The third eye: visual check
Maestro confirms that taps worked and text appeared. But it doesn’t know how the app should look. The button might be there, but the color is wrong. Spacing is off. Layout doesn’t match the mockup.
Claude can look at images. After all scenarios pass, it opens every saved screenshot and compares against three sources of truth:
Stitch mockups. If the app was designed with Google Stitch, the original screen designs are saved next to the code. Claude compares the real screenshot to the intended layout — element placement, proportions, visual hierarchy.
Design tokens. A DESIGN.md file has exact colors, font sizes, spacing values. Claude checks if the screenshot matches.
The interaction map. If the scenario changed currency to euro, Claude checks that the screenshot actually shows euro signs everywhere, not dollars.
That’s exactly how the currency bug got caught. Maestro confirmed settings accepted the choice. The interaction map pointed to which screens should change. Claude looked at the screenshot — and saw that one component didn’t update.
Three layers, one QA engineer
Put it all together and you get something that looks a lot like how a real QA team works:
Planning. Read the spec. For each UI element, decide what the user should see. Flag anything suspicious before testing starts. That’s the interaction map.
Execution. Open the app. Go through every scenario. Check that buttons work. Data survives restarts. Bad input shows error messages. That’s Maestro.
Visual review. Compare each screen to the mockup. Check colors, typography, spacing. If you changed a setting — make sure the change reached every screen. That’s Claude looking at screenshots.
Each layer is a separate Claude Code skill — a markdown file that other skills can use. /build-app runs the full testing cycle after building. /improve-app uses just the interaction map and visual review — enough to check the impact of small changes. /test-app runs everything end to end.
How this is different from “AI writes tests”
In practice, this approach catches bugs in four categories that standard AI testing misses:
Broken promises. Theme toggle that saves the setting but doesn’t re-render. Currency selector that updates some components but not others. Search button with an empty handler.
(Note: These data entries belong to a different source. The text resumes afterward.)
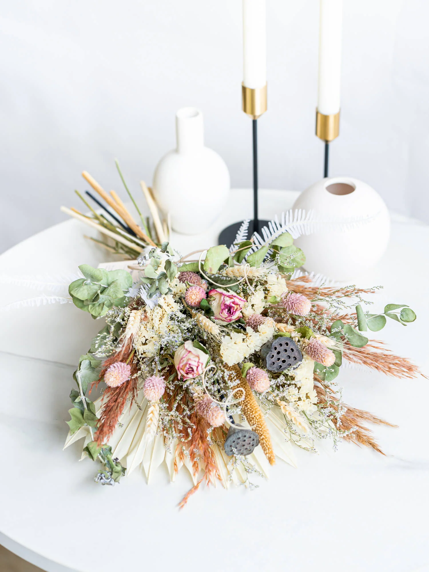 【壁に掛ける】ドライフラワーのスワッグ - ピンク -—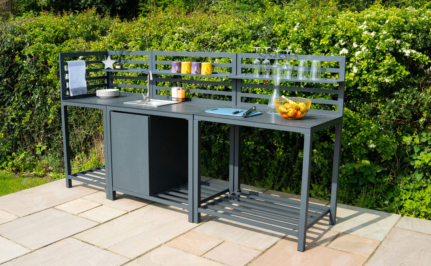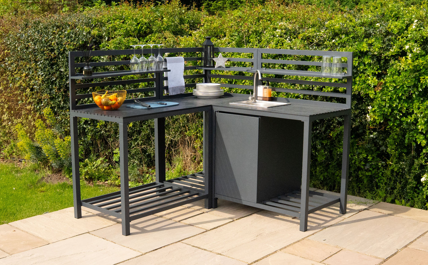 Realizzato in resistente alluminio verniciato a polvere con una sofisticata finitura antracite, il set garantisce durabilità contro gli agenti atmosferici mantenendo un'estetica moderna e discreta. Comprende un modulo lavello completo di lavabo in acciaio inox e rubinetto, un modulo angolare e un ampio modulo tavolo. La disposizione modulare consente di installarlo in linea retta o ad angolo, adattandosi facilmente al tuo spazio e alle tue esigenze.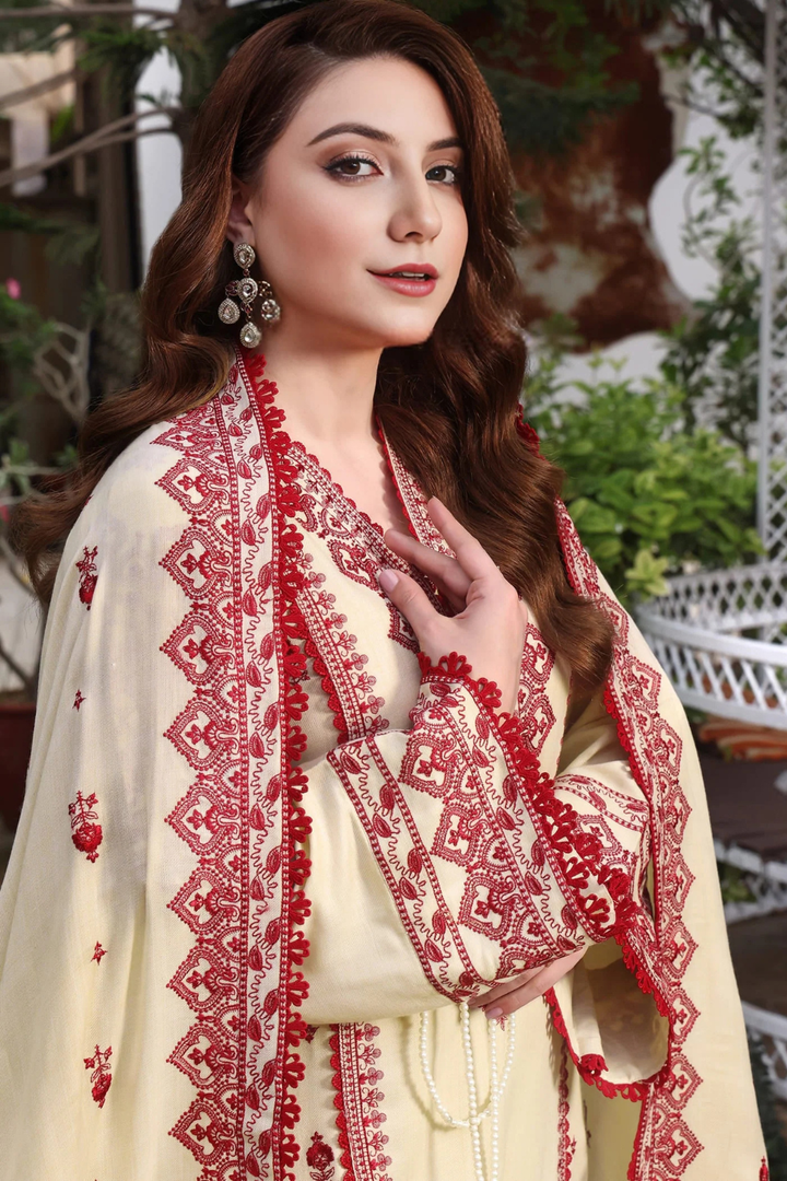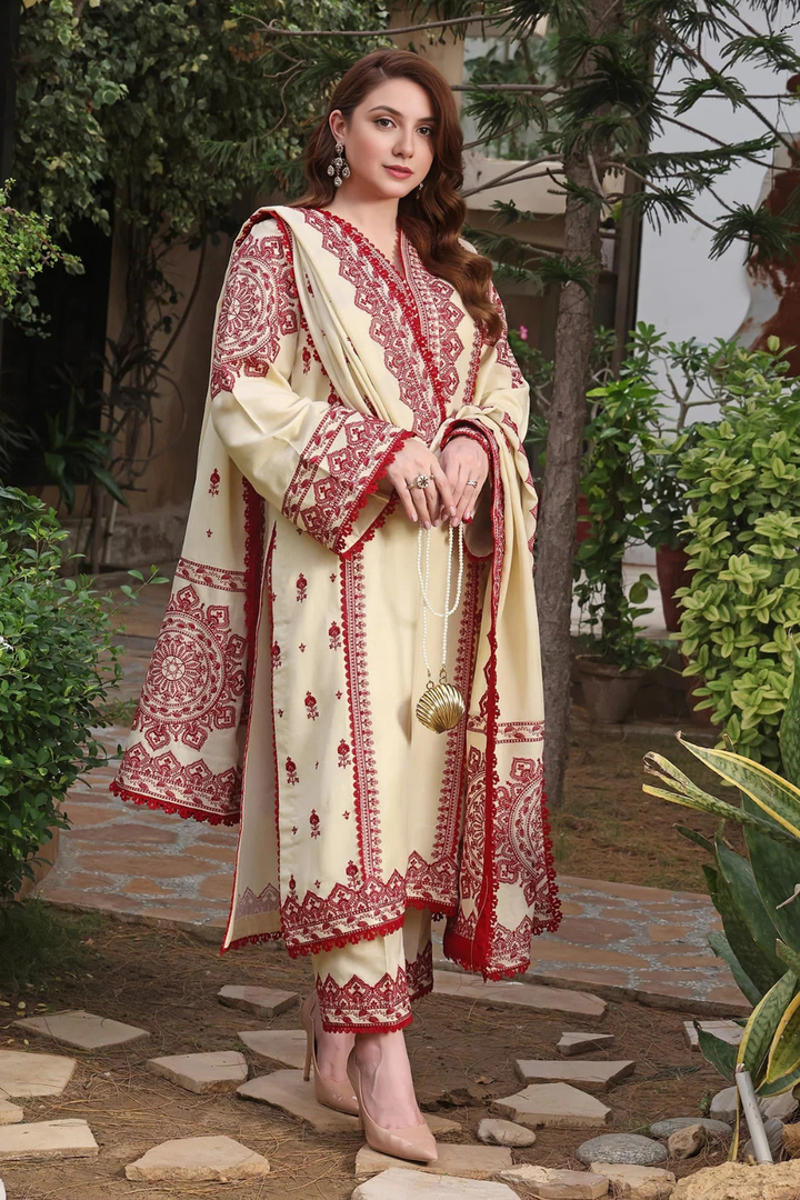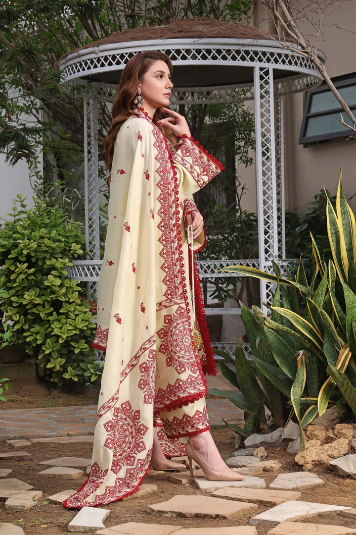 Gul-e-Khaas | Embroidered 3-Piece — a stunning off-white outfit crafted from premium Dhanak fabric. This elegant set features a fully embroidered shirt, embroidered trouser, and embroidered dupatta for a refined festive appeal.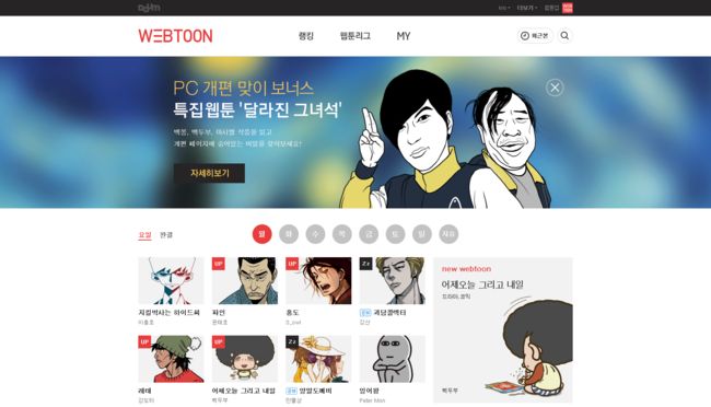 다음웹툰은 우선 심플하고, 직관적인 형태로 메뉴 및 페이지를 새로 구성했다. 기존 홈페이지의 다양한 메뉴와 카테고리를 생략, 홈은 이용자가 가장 많이 찾는 ‘요일별 연재작’ 중심으로, 그리고 메뉴는 ‘랭킹’ ‘웹툰리그’ ‘My’ 만 보여주는 형태로 수정했다. 이용자가 당일 업데이트된 작품부터 빠르게 확인하고, 다양한 인기 웹툰 목록을 한 눈에 확인할 수 있도록 한 것이다.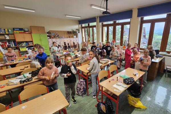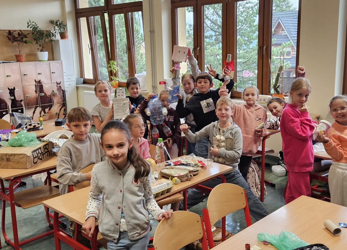Na zakończenie cyklu uczniowie wykonali Ekoludki z odpadów przyniesionych z domu, dając w ten sposób drugie życie niepotrzebnym przedmiotom i rozwijając swoją kreatywność.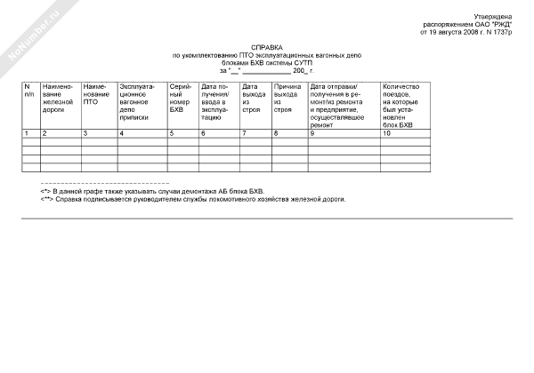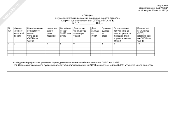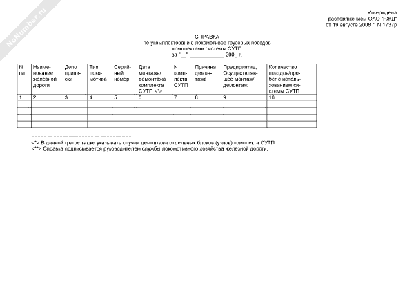 - 1041Справка по укомплектованию локомотивов грузовых поездов комплектами системы СУТП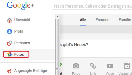 - Log in to Google+ to you, go with the mouse on the "Overview" and in the list, click on "photos".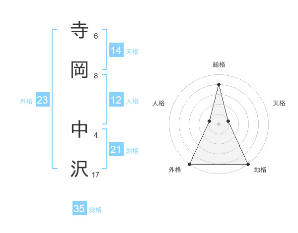 寺岡 中沢さんの総格は35画の4点!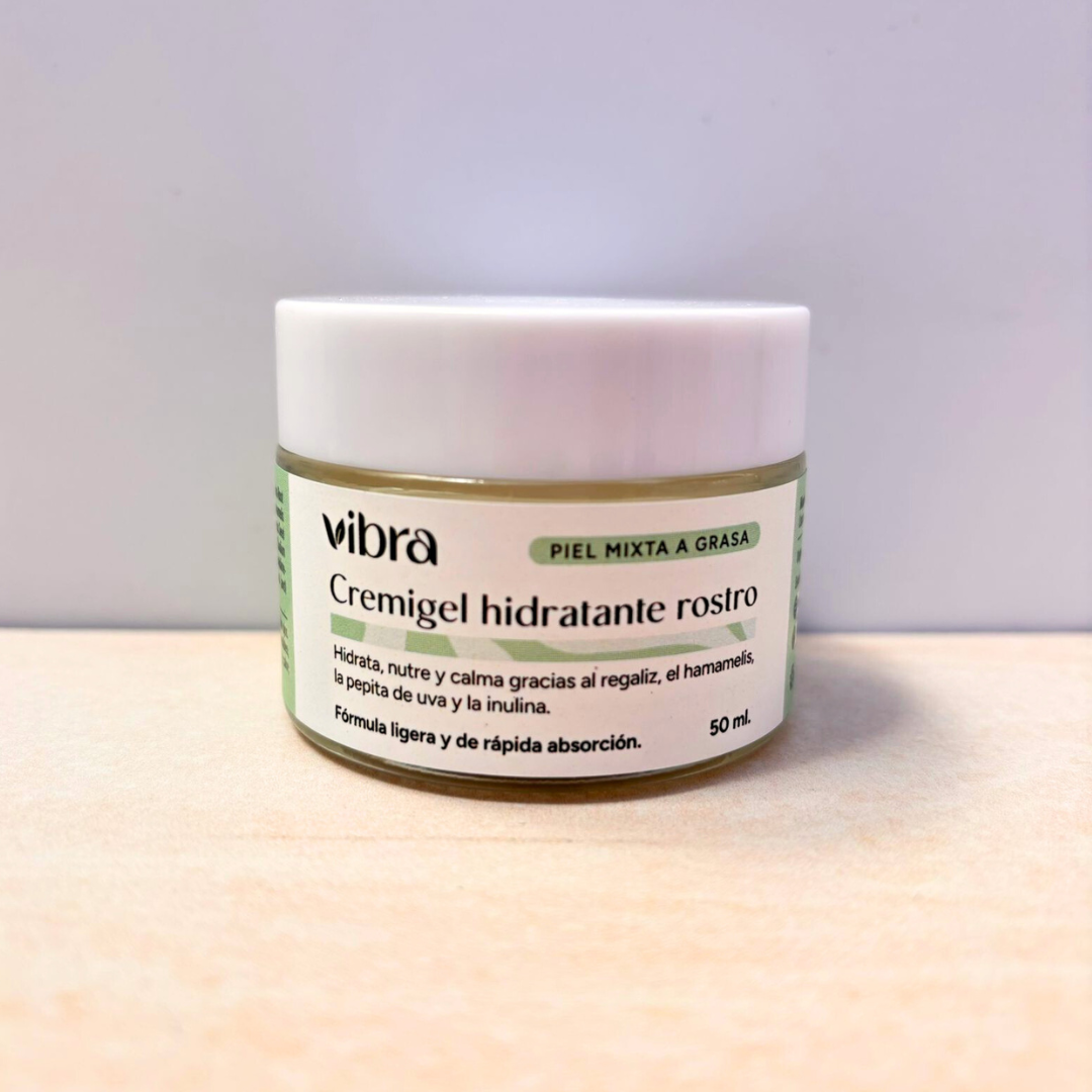 Equilibra tu piel con nuestra Cremigel Hidratante de Uva, diseñada para hidratar profundamente sin dejar sensación grasa. Su textura ligera se absorbe al instante, aportando frescura y nutrición para una piel saludable, mate y luminosa. Ideal para pieles mixtas a grasas que buscan confort y ligereza en su rutina diaria.

Runtime crashes. Libraries that compile fine but crash on launch — because they need features not available in the user’s environment. TypeScript compiler and bundler see nothing. Maestro catches the crash on first launch.
Cross-screen mismatch. A setting that reaches one screen but not another. Data visible on one tab, missing on the next.
Design drift. Layout that shifted from the mockup. Colors that don’t match the design system. Inconsistent spacing between similar screens.
Nothing exotic. Normal problems every mobile developer deals with. But they’re invisible to unit tests — because unit tests check pieces in isolation. The interaction map checks promises. Maestro checks the assembled app. Visual review checks the visual contract.
Try it
The testing pipeline is part of Etnamute, the AI app factory I described earlier.
interaction-map/SKILL.md— builds a test plan from UI analysisvisual-review/SKILL.md— compares screenshots to mockups and design systemmaestro/SKILL.md— scenario templates, Expo Router gotchastesting/SKILL.md— runs all three layers in orderscripts/smoke.sh— build, simulator, Maestro, cleanup — one command
The approach is not tied to Expo or React Native. The interaction map works with any UI framework. Maestro supports iOS and Android. Visual review works with any screenshot. The idea — test promises, not code — works anywhere.
Honest note: this is not a silver bullet. The agent skips steps sometimes. Complex forms need extra work. And it all depends on how well your UI elements are addressable — if a button has no test ID, Maestro can’t tap it.
But between “AI runs tests and declares victory” and “AI opens the app and checks what the user sees” — that’s where most real bugs live.